海洋环境根据腐蚀情况可分为5个区域:海洋大气区、浪花飞溅区、海水潮差区、海水全浸区和海底泥土区。图5为海上风力发电机组与海洋腐蚀环境对应位置[15,16]。其中风机叶片与机舱位于湿度大,盐分高的海洋大气区,风机叶片多为玻璃纤维增强材料(GFRP)或碳纤维增强材料(CFRP),海洋大气区中潮湿空气的盐分易在桨叶表面集聚。相比陆上环境,海上风电机组桨叶绝缘能力下降,使得接闪器引闪效率降低,雷击可能直接击中叶片而不是接闪器,轻度损伤则叶片表面灼伤,使叶片寿命大大缩短,并影响空气动力学性能;中度损伤叶片表面脱落,风机退出运行,严重的会造成叶片边缘破裂、撕裂,甚至造成叶片断裂、烧毁[17]。海上风电场所处潮湿、高盐环境与陆上差异较大,遭受雷击后果更为严重。

图5

图5   海上风力发电机组与海洋腐蚀环境对应位置

Fig.5   Ocean environment corrosion sections and offshore wind turbine structure


2.2 海上雷电特点

海上雷电环境与陆上不同,尤其是海陆交界区域。文献[18]中指出,我国近海海域闪电平均密度是全球海洋的5倍,并且海陆交界处为闪电密度高值区。潮间带特殊的地理条件在一定条件下使得该区域的雷电活动加强[19]。雷电分布受季节变化影响,日本冬季雷暴正地闪的比例最高可达100%, 通常在40%~90%之间[20]。而由于遭受正极性闪电时迎面先导不一定从接闪器产生,风机受到的伤害比负极性的更为严重[21]。且冬季雷云的高度与夏季相比较低,当雷云高度降低时,地面附近场强急剧升高;大部分风机遭受雷击发生在冬季[22]。海上风电机组高度较陆上更大,更易遭受上行雷击,高度为150m且有效高度为300m的风机,上行雷击占总雷击的80%[23],将风机移至海上、冬季雷云高度降低都会增加上行雷击的风险。

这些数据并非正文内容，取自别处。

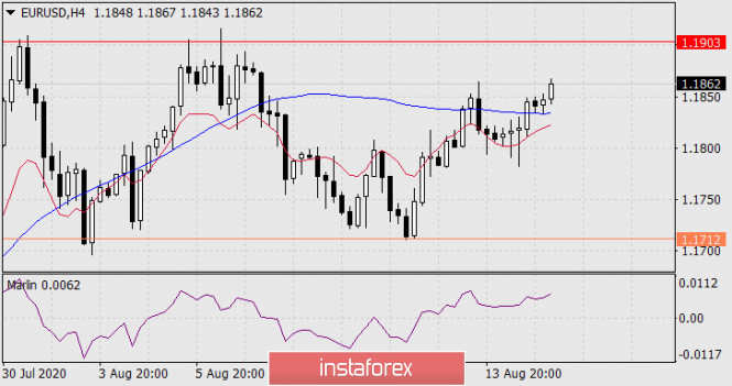 На четырёхчасовом графике цена закрепилась над индикаторной линией Крузенштерна, Марлин также в зоне роста, что в совокупности сохраняет повышенную вероятность роста к 1.1903. Тем не менее, цена, находясь в зоне свободного блуждания, может ещё раз уйти под данную линию, как это было 13-14 августа. Ждём развития событий.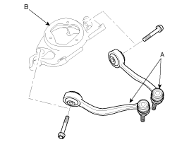 Disconnect the front upper arm (A) with the front strut assembly bracket (B) by loosening the bolt.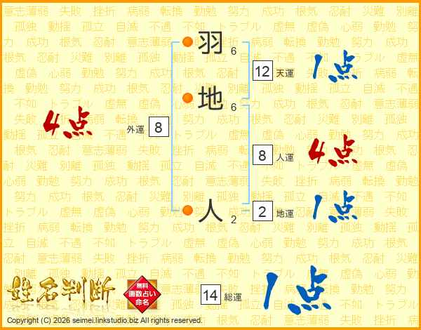 生活面を象徴する運勢です。外部から受ける影響力を表し、結婚運、家庭運や職場、環境への順応性を表します。総運から人運を引いた画数。姓や名が1文字の場合を除く。
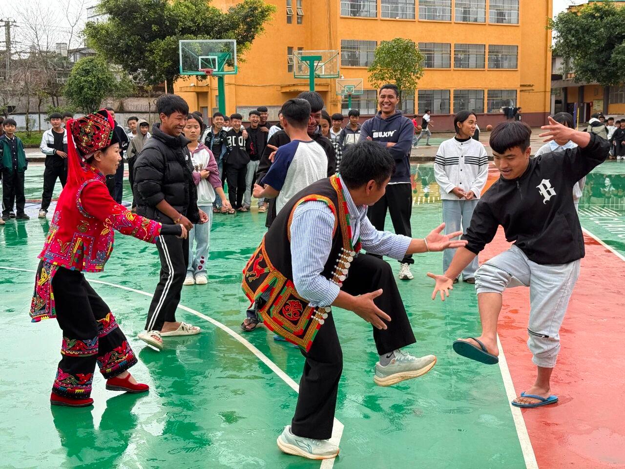 “‘同’代表着哈尼人的牛皮鼓,‘尼尼’则表示身体随鼓声的扭动与颤动,这声音、这姿态,皆是老祖宗流传下来的珍贵念想。教学环节在欢快的铓鼓声中启幕,传承人将舞蹈拆解为“转肩、扭腰、颤膝”三个基础模块,手把手纠正学生的姿态。学生们围拢过来学习,逐个动作耐心学习、虚心请教,从最初的动作僵硬逐步到逐渐掌握韵律,模仿“鸟型”时踮脚轻跃,演绎“猴型”时屈膝弓身,神态栩栩如生。操场上,铓鼓锣声交织成古朴的旋律,蓝白相间的校服与绣着图腾的民族服饰相互映衬,传统与现代完成了一场温暖的对话。
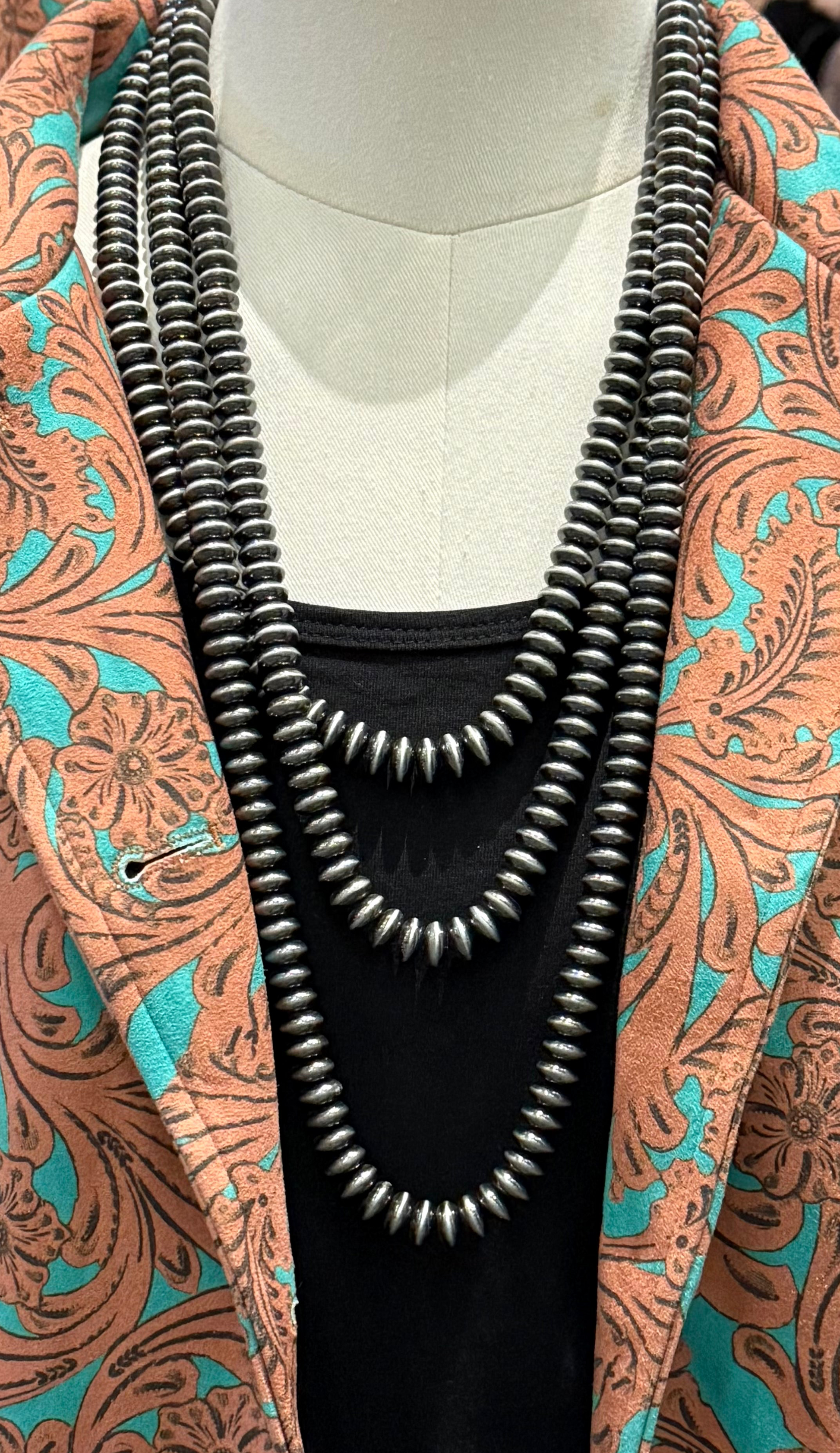 Make a statement with our Ruidoso Necklace! This stunning triple strand necklace features Navajo pearl style beads in a hot trending saucer shape. Elevate any outfit with this eye-catching accessory.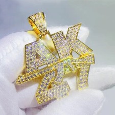 2 CT Natural Moissanite Initial "AK47" With Gun Pendant 14K Yellow Gold Plated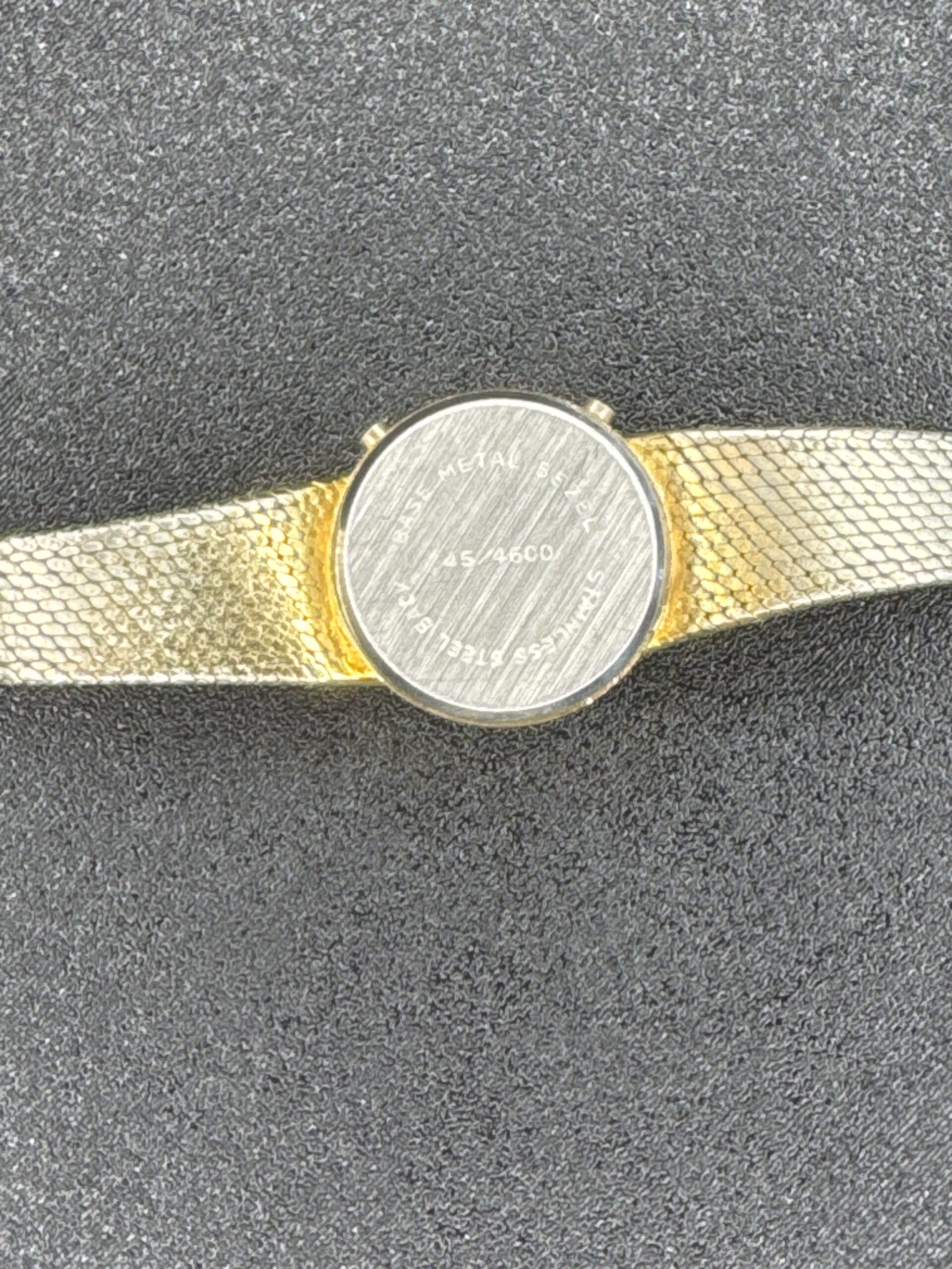 This Armitron digital watch features a small, round case with a gold-tone finish and a digital display. The watch has a unique mesh bracelet that complements its elegant design. The front of the watch displays the Armitron logo above the digital screen. The back of the watch is marked with ‘Base Metal Bezel’ and ‘Stainless Steel Back’, along with the model number 45/4600. The watch is in good condition with minor signs of wear, typical for vintage pieces.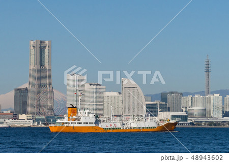 LPG 貨物船と横浜みなとみらい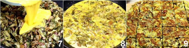 Wenn das Gemüse gar ist, gießen Sie die Mischung in die Pfanne 7, mischen Sie sofort, um die Eier und das Gemüse zu verbinden 8 und lassen Sie das Omelett fest werden. Wenden Sie es, wenn der Boden gar ist, mit Hilfe eines Deckels und lassen Sie es auch auf der anderen Seite kochen. Wir haben uns entschieden, das Omelett mit Artischocken, Pilzen und geräuchertem Speck als Vorspeise zu servieren, indem wir es in Quadrate schneiden 9.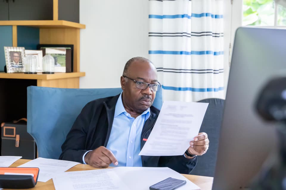 Avec 16 cas positifs au Covid-19 annoncés hier au Gabon, Ali Bongo vit désormais confiné dans sa voluptueuse villa de Libreville. Pour montrer l’exemple du confinement partiel qui a instauré, il a posté ce mardi plusieurs clichés le montrant au travail, en pleine visio-conférence avec ses ministres et plusieurs hauts responsables. Une opération de charme qui ne manque pas de laisser transparaître le luxe insolent de son espace de travail. Un luxe plutôt rare chez nombre de Gabonais, appelés à rester confinés chez eux pour éviter la propagation du coronavirus.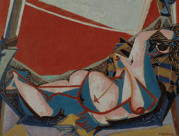 Un potente corpus grafico posto in mostra anche attraverso la creazione di percorsi grafici e parallelismi iconografici con le opere pittoriche dello stesso Prampolini, provenienti dalla Galleria d’Arte Moderna e da altre importanti collezioni d’arte pubbliche (Galleria Nazionale d’Arte moderna e contemporanea, MART di Rovereto, Museo del Novecento di Firenze e Collezione Roberto Casamonti di Firenze), e private, oltre alle opere messe gentilmente a disposizione dagli eredi stessi di Prampolini.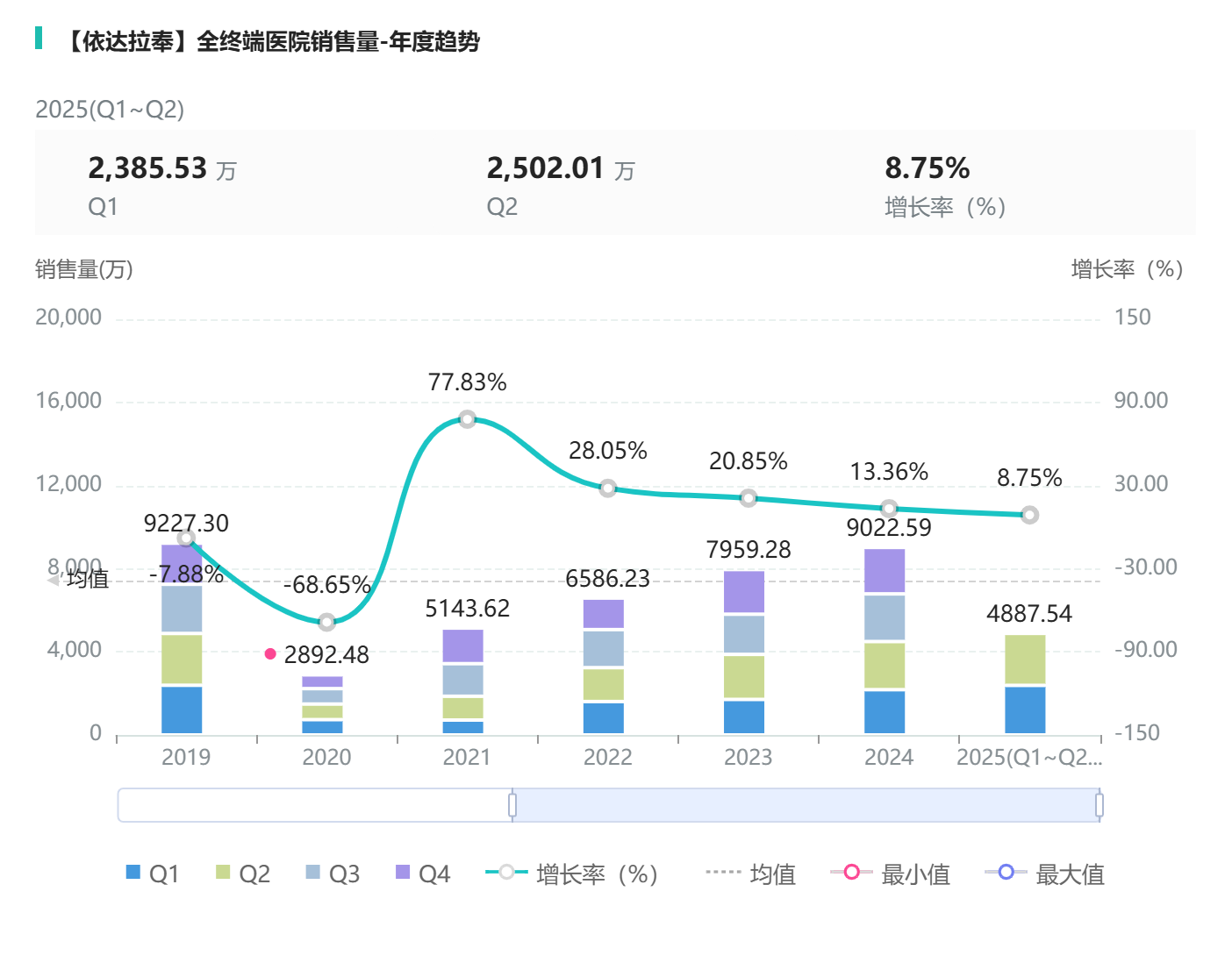 销售量逐渐回升,已经回到19年的同等水平,可见医生和患者对依达拉奉成分的需求一直都在,只是替换了迭代产品。

海上风电场机组运输难度大、安装作业要求高且维护养护费用高昂,与陆上风电场相比,单位千瓦造价水平甚至高出80%[24]。对于离岸较远的近海风电场,风电机组的运输、安装需要大型特种船只,对安装时海上风浪、气象等有较高要求。图6为西门子海上风机安装船Sea Installer号。对于离岸较近的潮间带风电场,由于施工地点在涨潮时被海水淹没,退潮时露出陆地,常规水陆设备均无法正常施工作业,只能通过构筑永久性或临时性通道进行运输安装[25]。当仅考虑海浪冲击、海水腐蚀等非破坏性伤害时,海上风电场的年运行维护成本不低于机组成本的5%。若考虑雷击等破坏性伤害,则机组的维修费用、零件更换成本将大大增加,对于潮间带风电场,甚至需要重新构筑通道进行维修。据统计,海上风电机组的运行维护成本约为陆上机组的2~4倍,甚至更高[26]。即使是机组的轻微损伤,带来的维修费用巨大,而海上风电场机组遭受雷击损坏的后果将会十分严重。因此对海上风电机组的雷电防护提出了比陆上风电场更高的要求。

图6

图6   西门子海上风机安装船Sea Installer号

Fig.6   Siemens offshore wind farm installation vessel "Sea Installer"


3 现有海上风电防雷研究现状

3.1 海上风电场雷电先导发展机理

目前风电场防雷研究中,多采用基于陆地建筑物引雷性能研究的雷击评估方法[27],未引入空间电荷分布对先导起始与发展特性作为考虑因素。现有研究对象多为单体风机,从风电场整体角度开展的研究较少,而海上风电场机组密度较陆上更大,单体风机高度更高,风机之间的相互屏蔽性能成为防雷设计的考虑因素之一。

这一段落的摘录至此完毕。